Task instructions: Without including the pictures, copy out every line below.

Recorded data:
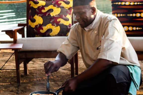 Despite the remote and tranquil setting, our culinary team uses locally produced ingredients to create delectable meals that satisfy the soul and delight the palette. Whether you dine under the stars, in the privacy of your suite, or overlooking the river, our attention to detail and warm hospitality will create a wonderful experience. At the end of a lively day on safari, enjoy your sundowner, a cherished African tradition. Whether you prefer a crisp gin and tonic or a local beer, our excellent bar staff have got you covered!
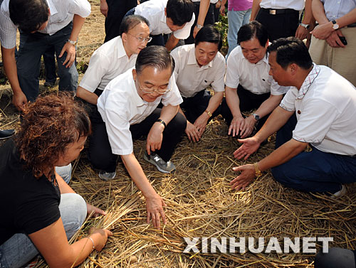 9月1日,溫家寶在德陽市孝泉鎮涌泉村視察農業生產情況,向搶種洋芋的村民詢問洋芋的種植方法、產量和收入情況。新華社記者 黃敬文攝
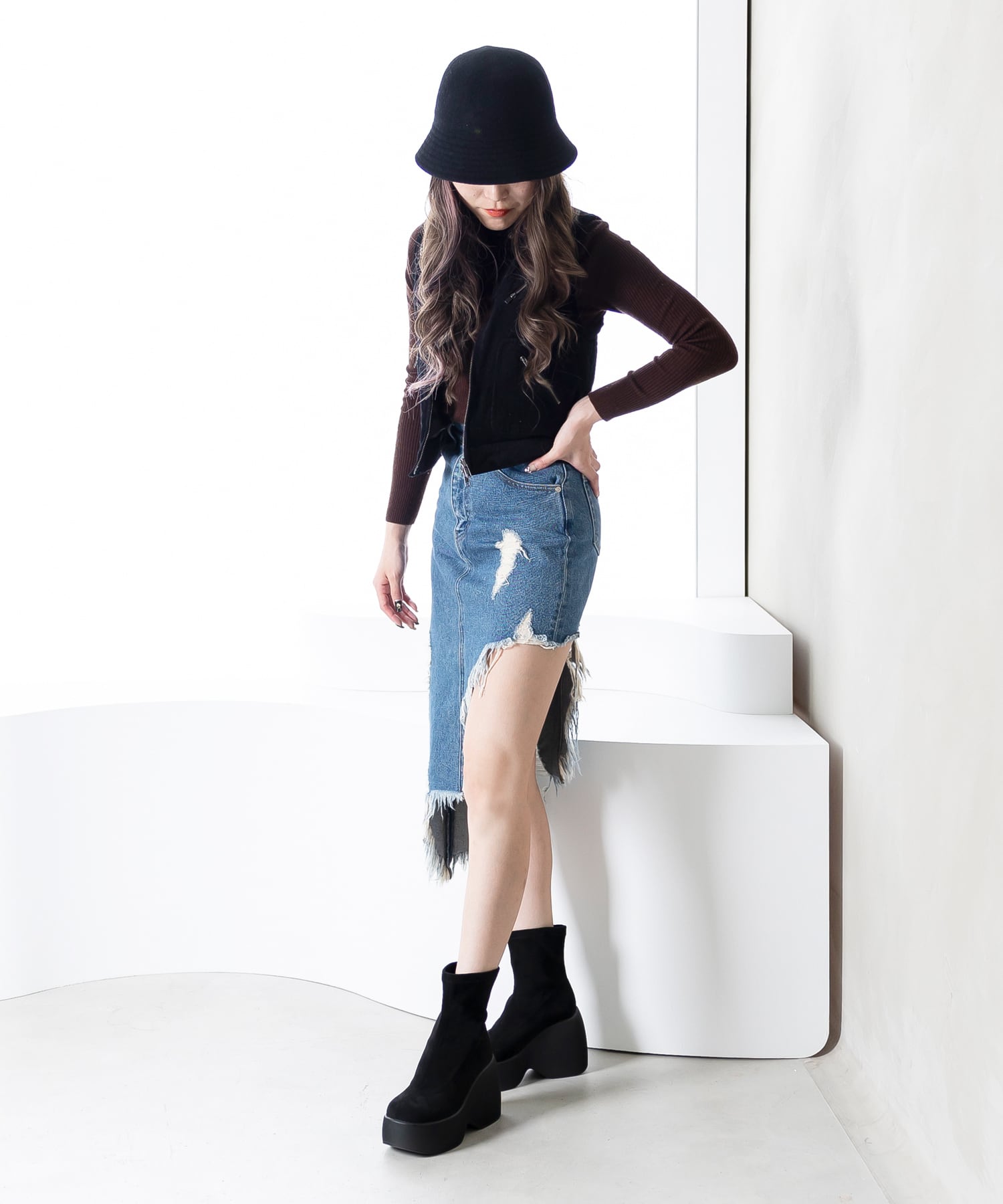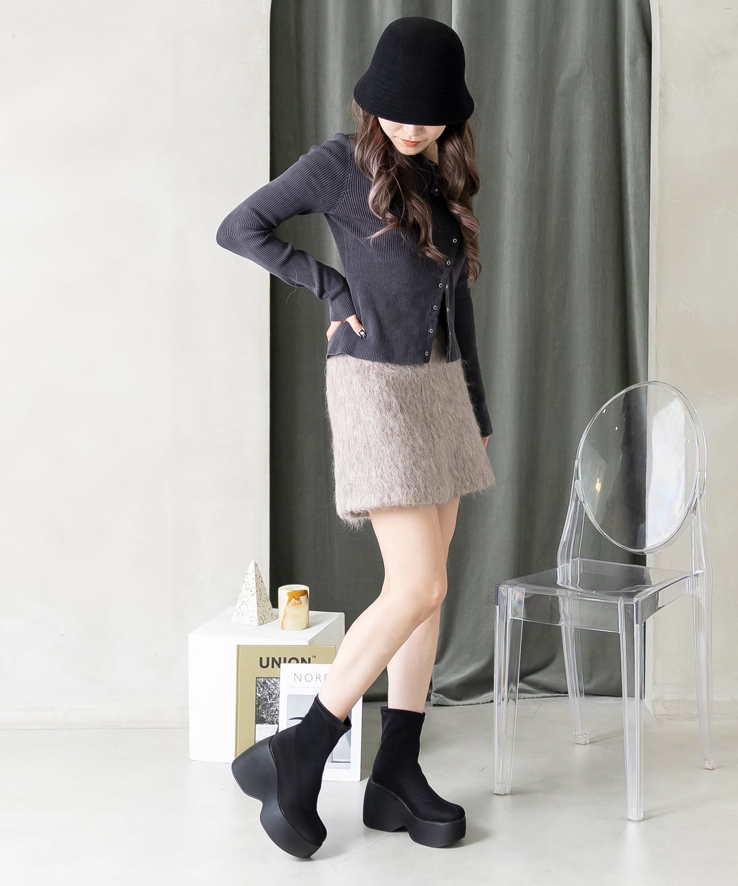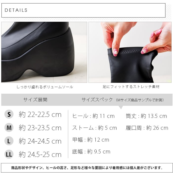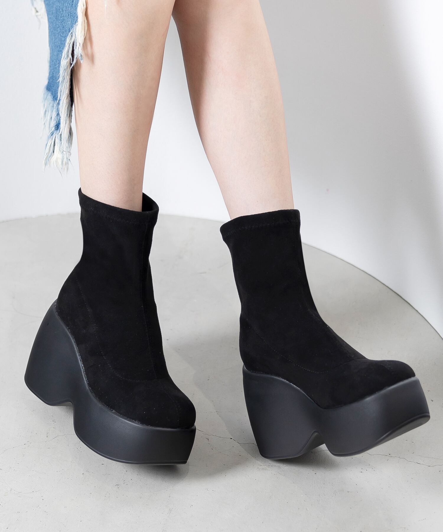 存在感抜群のボリュームソールがトレンド感のあるクールでモードなストレッチブーツ。

Your response:
 Despite the remote and tranquil setting, our culinary team uses locally produced ingredients to create delectable meals that satisfy the soul and delight the palette. Whether you dine under the stars, in the privacy of your suite, or overlooking the river, our attention to detail and warm hospitality will create a wonderful experience. At the end of a lively day on safari, enjoy your sundowner, a cherished African tradition. Whether you prefer a crisp gin and tonic or a local beer, our excellent bar staff have got you covered!
 9月1日,溫家寶在德陽市孝泉鎮涌泉村視察農業生產情況,向搶種洋芋的村民詢問洋芋的種植方法、產量和收入情況。新華社記者 黃敬文攝
 存在感抜群のボリュームソールがトレンド感のあるクールでモードなストレッチブーツ。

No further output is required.